Swainsona burkittii, commonly known as woolly Darling pea, is a species of flowering plant in the family Fabaceae and is endemic to inland Australia. It is an erect or low-lying perennial with imparipinnate leaves usually with 15 to 30 egg-shaped to more or less circular leaflets, and racemes of up to fifty dark reddish-purple flowers.

==Description==
Swainsona burkittii is an erect or low-lying perennial subshrub that typically grows to a height of 1 m with its stems densely covered with soft hairs. Its leaves are imparipinnate, 8–15 cm long with stipules 3–6 mm long at the base. There are 15 to 30 oblong leaflets with the narrower end towards the base, sometimes more or less circular, 2–15 mm and 2–10 mm wide. Both sides of the leaflets are covered with soft hairs. The flowers are arranged in racemes 8–10 mm long of up to 50, each flower on a pedicel about 2 mm long.
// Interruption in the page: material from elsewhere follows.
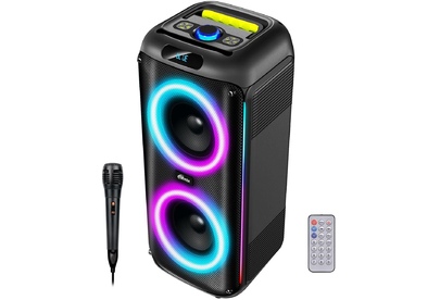 Аудиосистема, 6,5” + 6,5” + 1,5'' твиттер, Bluetooth, FM-радио, RGB-подсветка, AUX, USB, microSD (до 32 Гб, MP3), дисплей: LED, до 6 часов, вход: Jack 6.3 мм, Jack 3.5 мм, USB, 3600 мАч, 3.7 В, USB Type-C, 5В, 55,6 x 23 x 24 см, пластик, черный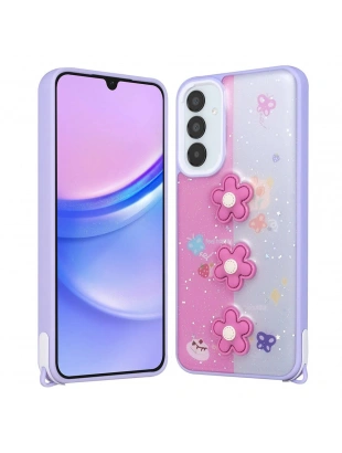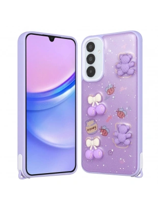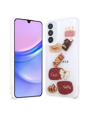 Galaxy A15 Kılıf Parlayan Simli Kabartma Figürlü Zore Cevze Kapak

The sepals are 5–7 mm long and joined at the base, the sepal lobes narrowly triangular and longer than the sepal tube. The petals are dark reddish-purple, the standard petal is 8–11 mm long, the wings are oblong 5–8 mm long, and the keel 7–10 mm long on a claw up to 3 mm long. The fruit is a more or less spherical pod 7–8 mm long and about 5 mm wide and woolly-hairy.

==Taxonomy and naming==
Swainsona burkittii was first formally described in 1864 by George Bentham in Flora Australiensis from an unpublished description of Ferdinand von Mueller. Bentham's description was published in his Flora Australiensis. The specific epithet (burkittii) honours J. Burkitt, who collected for von Mueller.

==Distribution and habitat==
This species of swainsona grows in shrubland and sparse woodland in the far west of New South Wales and the Flinders Ranges and Eyre Peninsula of South Australia.